Jordan Spieth Is Muttering Less and Smiling More

Jordan Spieth spent long stretches during post-round news conferences answering questions about what was wrong with him.

Or what was missing from his once prized golf game.

The world’s top-ranked men’s player for much of 2015-16 and the winner of three major championships in roughly the same period, Spieth had tumbled to 92nd in the world rankings by January of last year. His best finish at a 2020 major had been a tie for 46th.

In this time, Spieth handled the almost weekly inquisition about whether he would ever regain his form with poise and sincerity. For the most part, he kept his smile. But that smile is far wider now. With a rally in 2021 that included a second-place finish at the British Open and a surge this year that has included a 13th PGA Tour victory and two second-place finishes, Spieth has climbed back into the top 10 worldwide.

On Wednesday, one day before the first round of the 2022 P.G.A. Championship, Spieth met with reporters and happily spent most of his time answering questions about whether he might achieve a measure of golfing immortality this week.

Jordan Spieth chipped to the green on Wednesday while practicing for the P.G.A. Championship in Tulsa, Okla.Credit…Matt York/Associated Press
Only five golfers — Gene Sarazen, Ben Hogan, Gary Player, Jack Nicklaus and Tiger Woods — have won each of the game’s major championships. With victories at the Masters, the U.S. Open and the British Open, Spieth, 28, needs only a P.G.A. Championship title to join that gilded group.

“It’s the elephant in the room for me,” Spieth said Wednesday with a small grin. “If you told me I was going to win one tournament the rest of my life, I’d say I want to win this one. Long term, it would be really cool to say that you captured the four biggest golf tournaments in the world that are played in different parts of the world and different styles, too. So you feel like you kind of accomplished golf when you win a career Grand Slam.”

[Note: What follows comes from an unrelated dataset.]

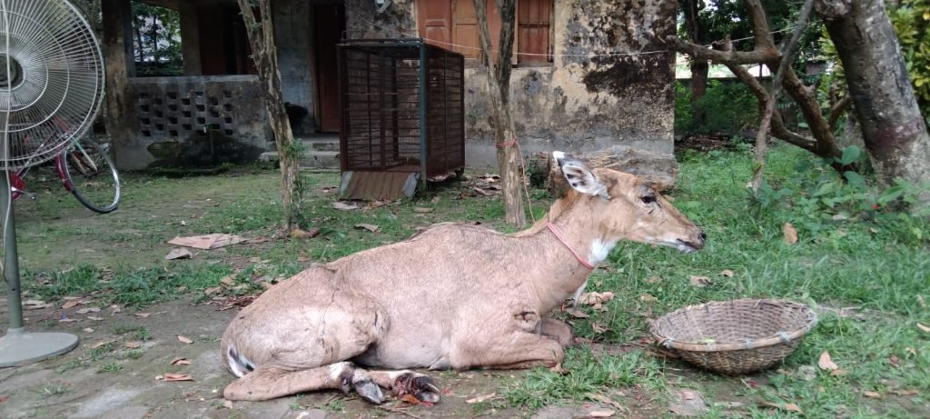 বন বিভাগ ও স্থানীয়রা জানায়, সরকার পাড়ার একটি ভুট্টা ক্ষেতে নীলগাই দেখার পর বন বিভাগে খবর দেওযা হয়। দুপুরে বন বিভাগের কর্মীরা নীলগাইটি উদ্ধার করে। এ সময় নীলগাইটির পা এবং শরীরের বিভিন্ন স্থানে আঘাতের চিহ্ন দেখা যায়।

Accomplished golf? As in mastered it? That’s an almost celestial ambition in a sport that keeps almost all of its devotees cruelly grounded on a regular basis. But Spieth can be forgiven. When his game was in an abyss, he endured many months muttering to himself as he marched off the tee on his way to the high rough. And no golfer mutters to himself so systematically, indeed professionally, with the zany zeal that Spieth exhibits.

Even with his golf ball sailing straight and farther now, Spieth has not stopped his frequent self-commentary on the golf course, always with his forbearing caddie, Michael Greller, the former sixth grade math teacher, nodding silently as he walks alongside his boss.

Greller’s role should not be underestimated given Spieth’s active brain (and mouth). Spieth acknowledged as much Wednesday.

“I’ve been trying to really have some fun more, and Michael does a good job with that,” Spieth said. “If I wake up tomorrow a little on the wrong side of the bed, as we all do, he’ll try and talk to me about something other than golf. He’ll step in, and having kind of a friend on the bag that can keep it light can sometimes turn things in that direction.”